March 2017 by Webroot

There’s a new piece of ransomware called Kirk that’s been discovered by an Avast malware researcher and is thought to be the first ransomware to utilize Monero as the ransom payment of choice. Monero is an alternative cyptocurrency to BitCoin and believe to offer greater anonymity. The decryptor "Spock" will be supplied to the victim once the payment is made, but at this time the ransomware does not look like it can be decrypted.

Eric Klonowski, Reverse Engineer at Webroot at taken the malware apart and below are some insights from him.
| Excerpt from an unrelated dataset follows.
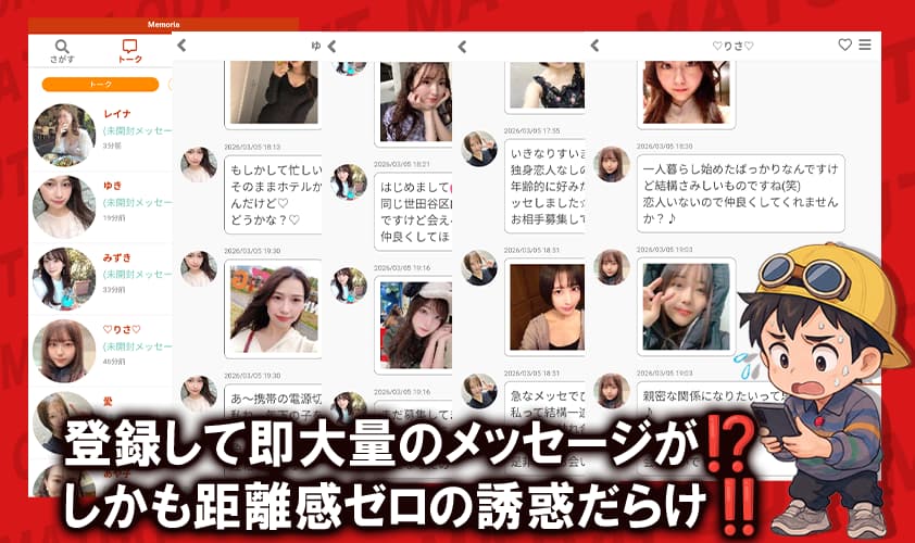 - 登録直後からサクラ疑惑のメッセージが大量に届く

The newly surfaced Kirk ransomware disguises itself as the popular Low Orbit Ion Cannon, an internet activist denial of service tool. The malware is written in python and packaged up in a 5.5 Mb python to exe dropper that is distributed with a 4096 bit RSA public key. No crafty detection evasion is employed. It generates a single AES key for use in encrypting all files, which is encrypted with the public key and written to disk. Files are encrypted with AES in CBC mode, are prepended with the file size and IV in plaintext, and are padded out to 16 bytes with spaces. The malware relies on the common PyCrypto libraries for all encryption. The ransom letter demands payment via the Monero blockchain crypto currency, a rising standard amongst small-time ransomware operations. The Kirk malware demonstrates that ransomware crypto can be effectively implemented in a few lines of code with relatively few weaknesses.